- Task directions
Using the material below, print a verbatim copy of every line from the one containing "El 330ci de" through the one containing "I added in a", inclusive, and omit the pictures.

- Input for this task
********

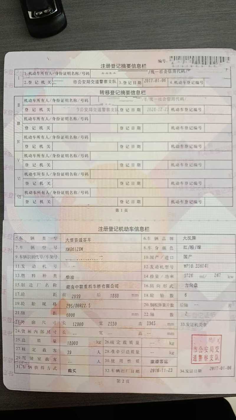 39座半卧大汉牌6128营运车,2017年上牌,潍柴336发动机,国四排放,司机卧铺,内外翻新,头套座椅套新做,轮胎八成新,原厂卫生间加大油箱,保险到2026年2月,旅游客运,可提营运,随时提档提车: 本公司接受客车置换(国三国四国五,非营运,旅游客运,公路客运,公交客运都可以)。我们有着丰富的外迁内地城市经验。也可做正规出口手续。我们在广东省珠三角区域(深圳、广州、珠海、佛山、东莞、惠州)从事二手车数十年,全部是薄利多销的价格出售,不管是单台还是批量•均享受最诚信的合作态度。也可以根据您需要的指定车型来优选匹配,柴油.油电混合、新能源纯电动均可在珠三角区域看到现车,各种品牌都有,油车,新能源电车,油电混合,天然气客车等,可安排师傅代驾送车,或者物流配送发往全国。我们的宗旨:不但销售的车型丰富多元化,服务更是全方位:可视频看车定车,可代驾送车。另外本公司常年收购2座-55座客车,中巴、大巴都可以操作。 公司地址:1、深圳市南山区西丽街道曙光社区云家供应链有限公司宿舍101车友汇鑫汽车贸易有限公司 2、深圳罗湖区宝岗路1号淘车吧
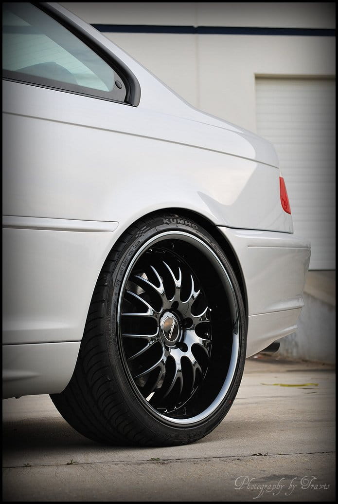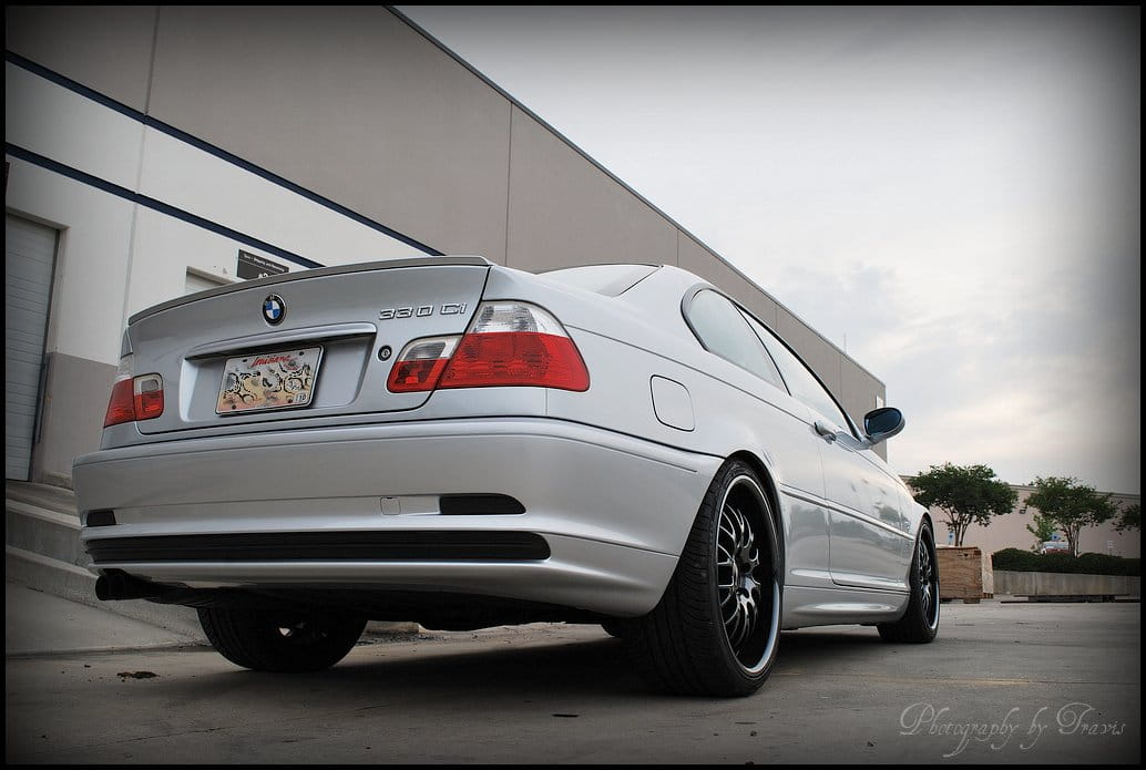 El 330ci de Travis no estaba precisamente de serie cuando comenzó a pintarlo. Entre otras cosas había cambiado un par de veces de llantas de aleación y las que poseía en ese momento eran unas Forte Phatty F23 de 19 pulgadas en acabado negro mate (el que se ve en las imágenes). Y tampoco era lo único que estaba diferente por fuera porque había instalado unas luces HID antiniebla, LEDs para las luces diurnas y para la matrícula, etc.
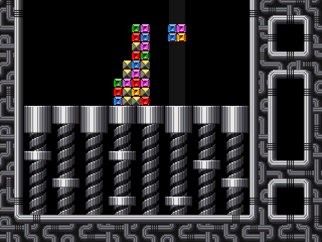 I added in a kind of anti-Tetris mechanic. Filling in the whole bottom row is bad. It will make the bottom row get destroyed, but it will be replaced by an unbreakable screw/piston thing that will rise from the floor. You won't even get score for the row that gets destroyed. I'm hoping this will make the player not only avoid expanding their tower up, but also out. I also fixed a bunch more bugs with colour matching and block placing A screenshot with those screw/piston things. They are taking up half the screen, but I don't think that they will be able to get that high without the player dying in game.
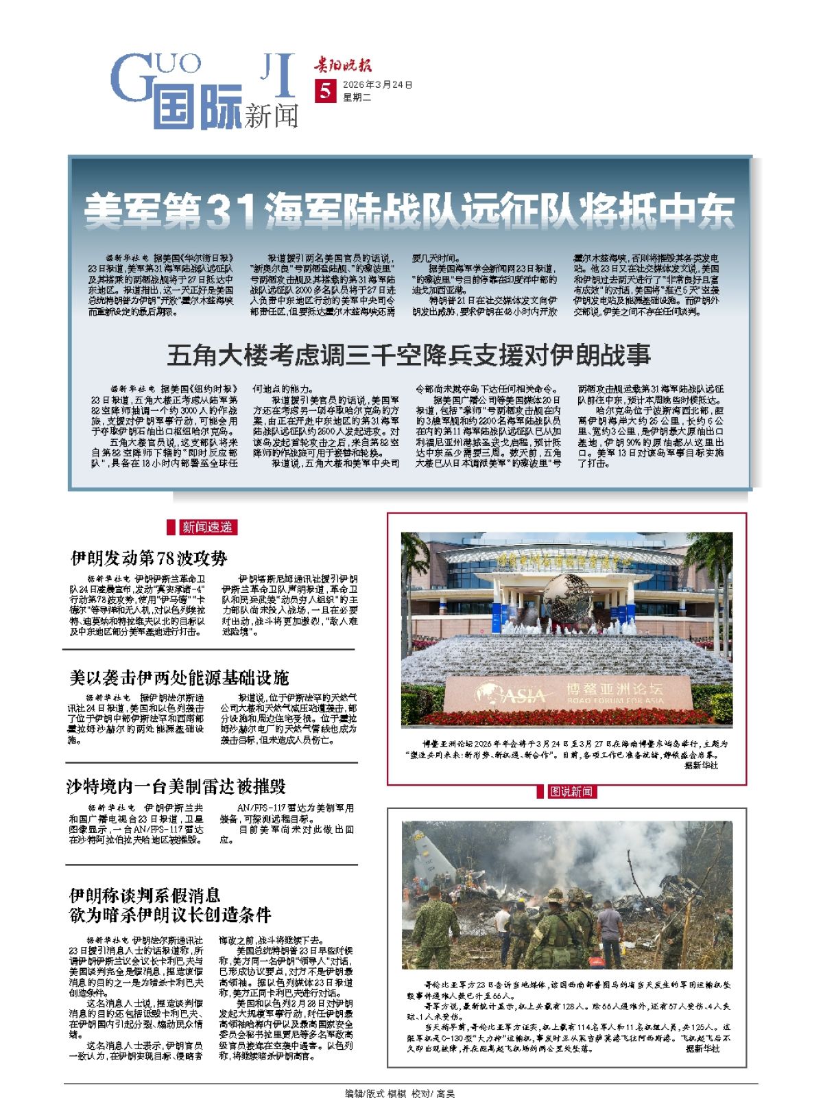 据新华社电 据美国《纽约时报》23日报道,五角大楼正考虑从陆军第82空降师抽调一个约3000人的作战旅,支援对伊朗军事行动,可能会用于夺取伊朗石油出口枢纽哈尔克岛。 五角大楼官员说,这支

********

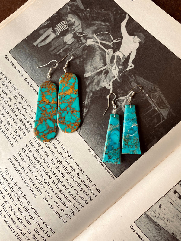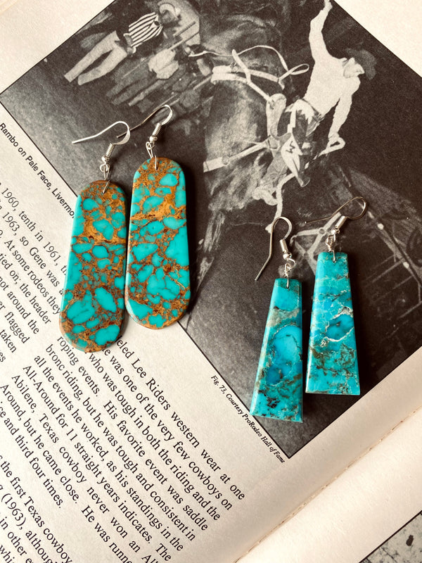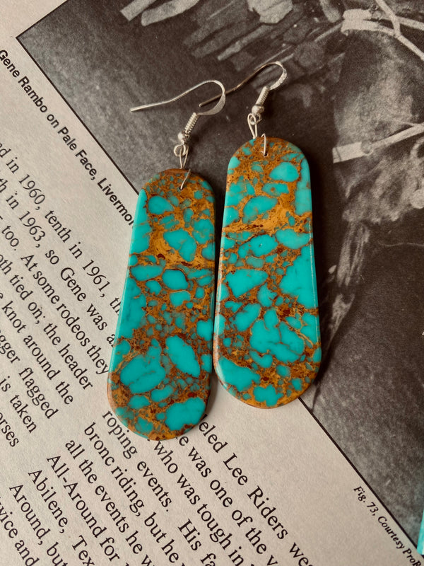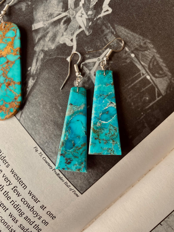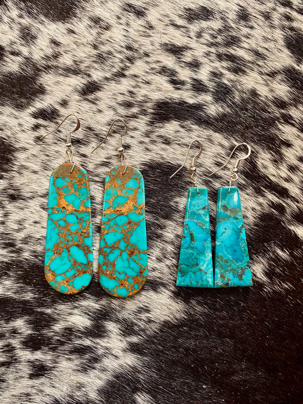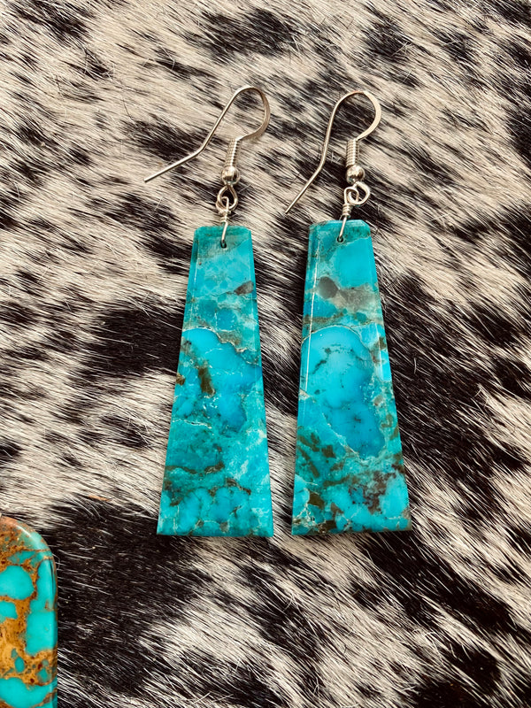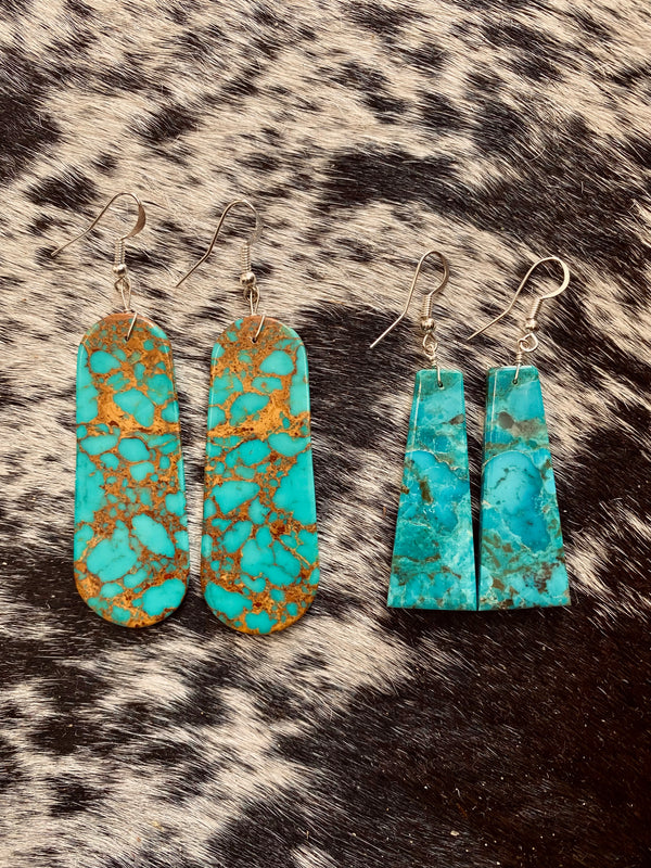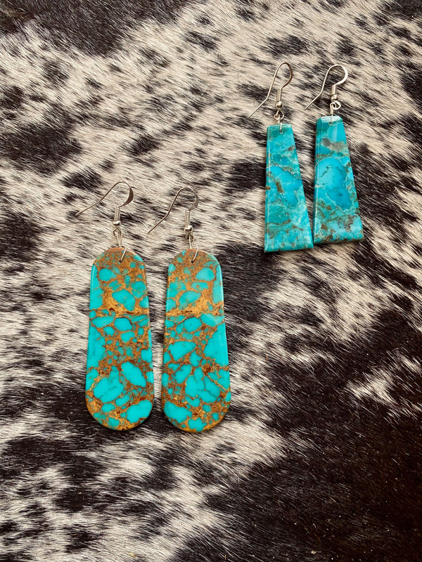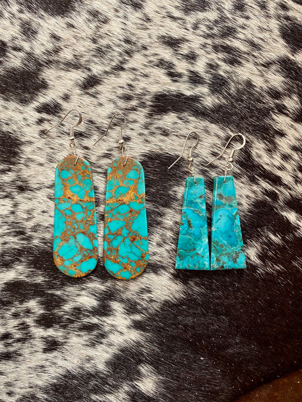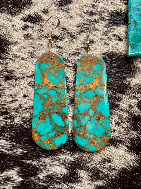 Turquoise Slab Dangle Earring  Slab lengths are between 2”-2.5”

********

- Task response
 El 330ci de Travis no estaba precisamente de serie cuando comenzó a pintarlo. Entre otras cosas había cambiado un par de veces de llantas de aleación y las que poseía en ese momento eran unas Forte Phatty F23 de 19 pulgadas en acabado negro mate (el que se ve en las imágenes). Y tampoco era lo único que estaba diferente por fuera porque había instalado unas luces HID antiniebla, LEDs para las luces diurnas y para la matrícula, etc.
 I added in a kind of anti-Tetris mechanic. Filling in the whole bottom row is bad. It will make the bottom row get destroyed, but it will be replaced by an unbreakable screw/piston thing that will rise from the floor. You won't even get score for the row that gets destroyed. I'm hoping this will make the player not only avoid expanding their tower up, but also out. I also fixed a bunch more bugs with colour matching and block placing A screenshot with those screw/piston things. They are taking up half the screen, but I don't think that they will be able to get that high without the player dying in game.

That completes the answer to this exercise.